* Work task
Leave the pictures out. Retype exactly the lines below from the one containing "Jetzt laufen sie" through the one containing "98㎡的4房2厅2卫,折后总价约265万/套,折后单价约2.7万/㎡。", and no others.

* Data shown
══════
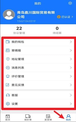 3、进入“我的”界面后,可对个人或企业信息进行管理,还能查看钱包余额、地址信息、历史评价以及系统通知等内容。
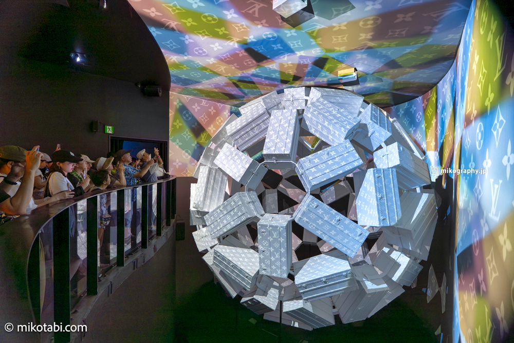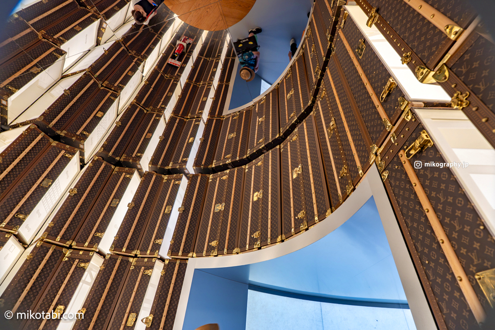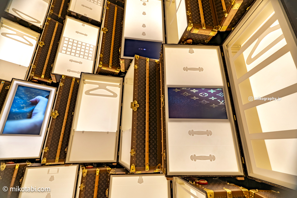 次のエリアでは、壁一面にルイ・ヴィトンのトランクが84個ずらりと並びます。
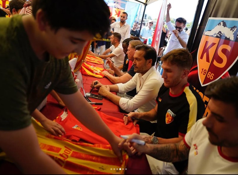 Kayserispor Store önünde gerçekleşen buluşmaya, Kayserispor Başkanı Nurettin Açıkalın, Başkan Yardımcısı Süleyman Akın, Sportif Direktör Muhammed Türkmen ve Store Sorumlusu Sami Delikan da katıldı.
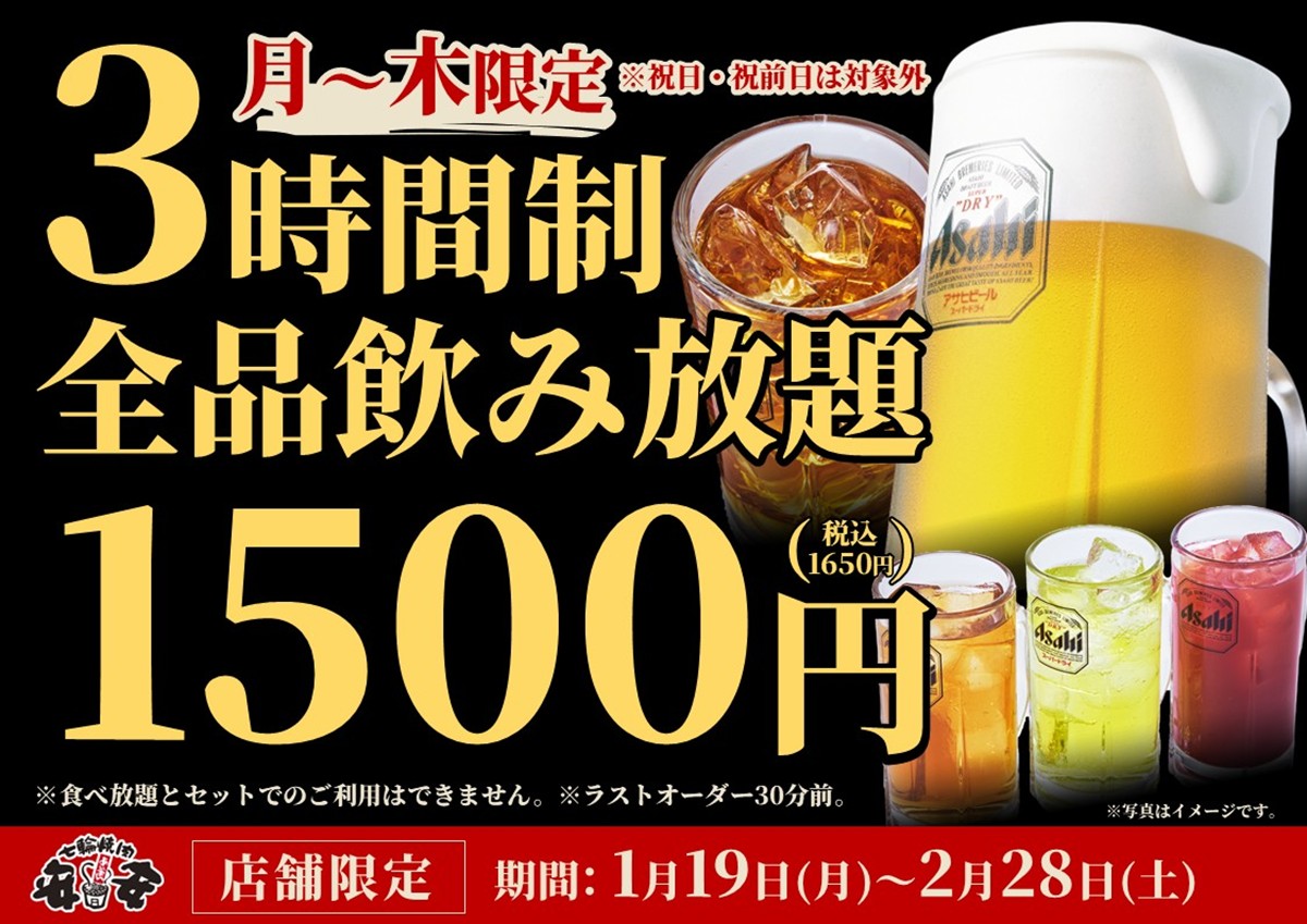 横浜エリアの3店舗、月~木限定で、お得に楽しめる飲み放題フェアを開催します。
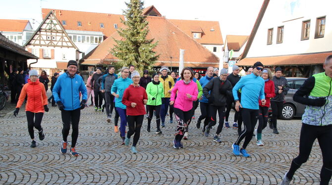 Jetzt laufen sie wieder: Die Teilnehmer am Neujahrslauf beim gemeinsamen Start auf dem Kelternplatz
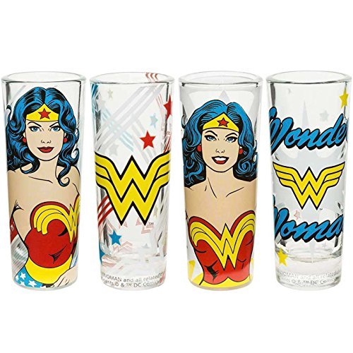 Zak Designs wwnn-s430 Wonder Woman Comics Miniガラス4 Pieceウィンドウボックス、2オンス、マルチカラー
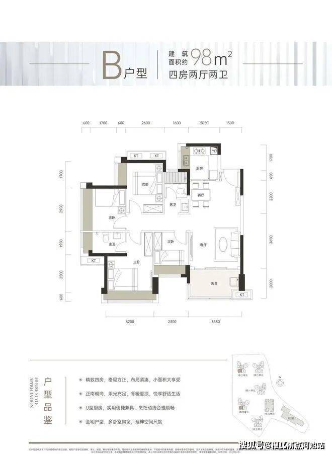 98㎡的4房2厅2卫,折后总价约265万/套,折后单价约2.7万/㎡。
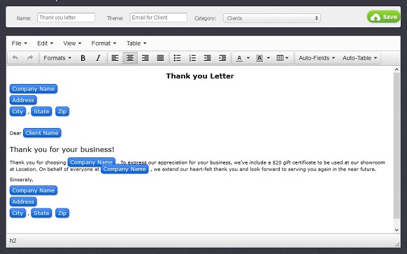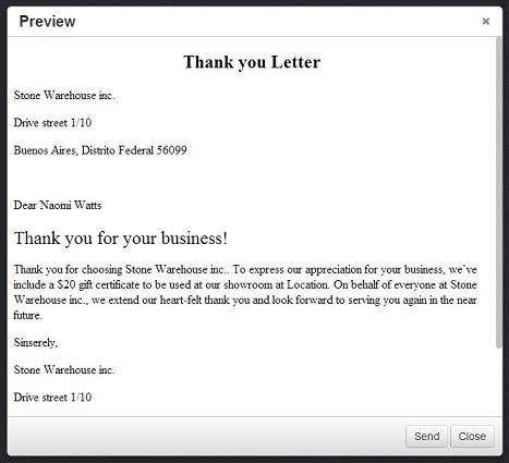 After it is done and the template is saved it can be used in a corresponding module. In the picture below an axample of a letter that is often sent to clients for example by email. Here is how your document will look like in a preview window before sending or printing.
══════
* Finished task
 Jetzt laufen sie wieder: Die Teilnehmer am Neujahrslauf beim gemeinsamen Start auf dem Kelternplatz
 Zak Designs wwnn-s430 Wonder Woman Comics Miniガラス4 Pieceウィンドウボックス、2オンス、マルチカラー
 98㎡的4房2厅2卫,折后总价约265万/套,折后单价约2.7万/㎡。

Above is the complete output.